Six battles news media must win

But today the picture looks different in Schibsted. All the work we put in, all the reorganisations we initiated, along with the increased pace of innovation and development, have borne fruit. We have achieved our goal of sustainable digital media. In September 2021, we reached one million digital subscribers. And the willingness to pay for news is growing in both Norway and Sweden.

A strong digital trend during the pandemic has also revealed a future in which digital revenues grow more than print revenues fall. So, as we move forward, we are able to focus on growth. And to operationalise this ambition, we have defined six must-win battles.

1. Strengthen our journalistic positions

Our news media brands have significant growth potential, but this requires us to invest and innovate. The competition is hard, and our users have high demands when it comes to quality, credibility and user experience. We must continue to strengthen their loyalty and confidence in us.

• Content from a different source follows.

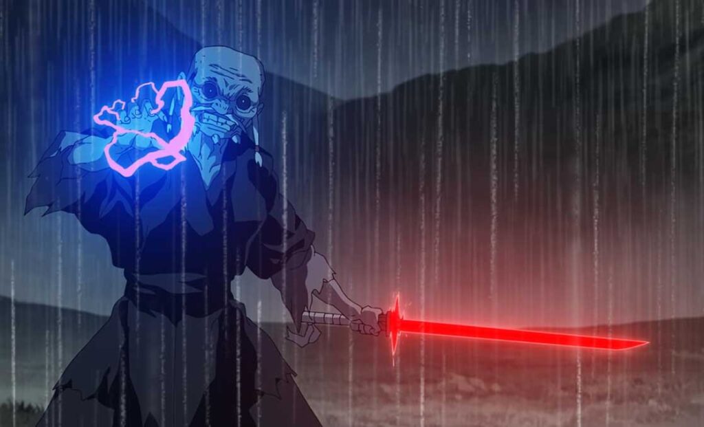 Twórcy potraktowali formułę antologii z ogromną kreatywnością, czerpiąc pełnymi garściami z możliwości, jakie daje niezależność od kanonu. Najlepiej widać to już w pierwszym odcinku, który jest moim ulubionym – przenosi nas do feudalnej Japonii, osadzając technologię Gwiezdnych Wojen i pojęcie Mocy w realiach tamtejszej kultury. Efekt jest zdumiewający. Elementy znane z sagi jak droidy, miecze świetlne, stroje szturmowców nabierają świeżości i symbolicznego znaczenia. Szturmowcy w samurajskich zbrojach, parasol świetlny jako broń, czarno-biała kolorystyka przełamana błyskiem barwnych mieczy, wszystko to buduje klimat dojrzałego anime, w którym prostą fabułę ubogacają niedopowiedzenia i moralne niuanse. Strony konfliktu nie są jednoznaczne, a motywacje bohaterów pozostają tajemnicą aż do samego finału.

At the same time, our brands hold different positions. For instance, for VG and Aftonbladet, it’s about being the most important news destination. While Aftenposten aims for a more explanatory role, and Svenska Dagbladet strives to deliver on a smart news experience. Bergens Tidende and Stavanger Aftenblad are investing a lot of resources in strengthening their respective regional positions, just as our local news brands aim to strengthen their local positions. E24 has the position as Norway’s biggest online destination for financial and business news. And the news service Omni’s desired position is to be number one among the forward-leaning news consumers in Sweden.

The common denominator is that we all depend on a visionary product strategy to stay ahead when it comes to meeting the needs of tomorrow’s media users – at the same time as we meet their needs today.

As a response to this, our product organisation has developed a vision, one that is spot on: “To be a natural part of everyone’s daily habits”.

2. Challenge for new positions

We have significant potential when it comes to creating new media products and services that can bring even more value to people’s lives. The media landscape is characterised by consolidations, and these create opportunities to explore new products and revenues – both inside and outside our core business.

Our investment in the podcast platform Podme is one example of a non-traditional media product we are focusing on in several countries. It has moved from being a venture investment in Schibsted to becoming part of our core business. We will pursue our interest in companies and brands where we believe we can be good owners. It’s natural for us to focus initially on the Nordic region. But in Schibsted anything is possible…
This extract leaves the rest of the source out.